= Sophie Zahrtmann =

Danish deaconess and nurse

Mette Sophie Zahrtmann (1841–1925) was a Danish deaconess and nurse. Zahrtmann became Sister Superior of the Danish Deaconess Institute in Copenhagen after the death of its founder Louise Conring in 1891. She is remembered for expanding the deaconess network in Denmark with additional homes and care centres and for adding theory to the training courses for nurses.

==Early life==
Born on 23 July 1841 in Vammen to the north-west of Viborg, Zahrtmann was the daughter of Johan Henrich Zahrtmann and his wife Marie Dorothea Poulsen. She was one of seven children brought up in the rectory at Hatting near Horsens where her father was the parish priest. Like her cousin, the painter Kristian Zahrtmann, she was interested in art and took courses in drawing and painting.

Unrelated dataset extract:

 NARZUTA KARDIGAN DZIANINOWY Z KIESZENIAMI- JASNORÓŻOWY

In 1855, while her sister was undergoing an operation at Frederiks Hospital in Copenhagen, Søren Kierkegaard died at the hospital, awakening Zahrtmann's interest in the philosopher. She was also impressed by Ilia Fibiger, Denmark's first professional nurse, who worked at the hospital. After her mother died in 1858, Zahrtmann contemplated taking up a career but her father persuaded her to stay at home to take care of her younger sisters. The rectory suffered under the Danish War of 1864, causing Zahrtmann considerable distress from which she never fully recovered. Shortly before her father died in 1867, she received his permission to become a deaconess. First, however, she spent four years in Aarhus, caring for two blind children.

==Career==
In 1872, Zahrtmann began her training at the Deaconess Institute in Strasbourg rather than at the one in Copenhagen as she thought she would find more understanding there for Denmark's loss in the war as Alsace had also been annexed to Germany in 1870. While abroad, she also worked for a period in a large hospital in Neuchâtel and spent some time in the Deaconess Institute in Paris. But she was attached above all to the mother house in Strasbourg where she was installed as a deaconess in 1877.

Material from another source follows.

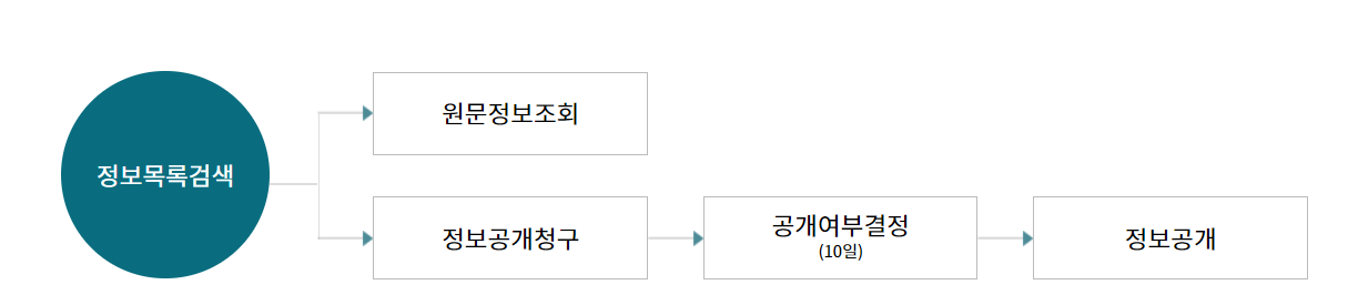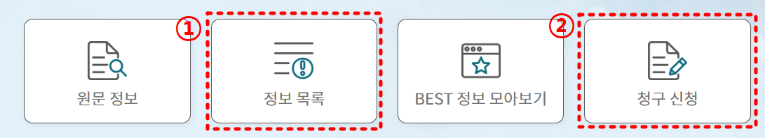 ① 정보 목록에 없을 경우, 정보 공개 ②청구 신청 통해 정보를 열람할 수 있습니다.

In 1879, she was assigned to Copenhagen's Deaconess Institute, where she played a central role in training its new sisters in nursing and Christian ethics. One of her important innovations was to introduce nursing theory as a component of the courses. She also emphasized the importance of a religious approach, drawing on her father's teaching. She became increasingly popular with her students and brought a more pleasant atmosphere to the institute. When Louise Corning died in 1891, Zahrtmann became Sister Superior, expanding the deaconess network throughout Denmark with additional branches and care centres. She also maintained contacts south of the Danish border in Schleswig-Holstein, often inviting Danish-speaking sisters to Denmark for free training. During her leadership, the number of sisters grew from 185 to 300. From 1903, she began systematically to improve the training courses in nursing, appointing Ingeborg Schrøder as head of training. By 1913, the training courses had been largely formalized and lasted for two years, six months being devoted to theory alone.

When she retired in 1914, she moved to the deaconess home in Gentofte, fully avoiding any interference with her successor Victoria Jensen. While a pensioner, she wrote a number of articles on Louise Conring as well as her own memoirs; both were later published in Den danske Diakonissestiftelses Årbog.

She died on 4 May 1925 in the Copenhagen district of Frederiksberg and is buried in Solbjerg Park Cemetery.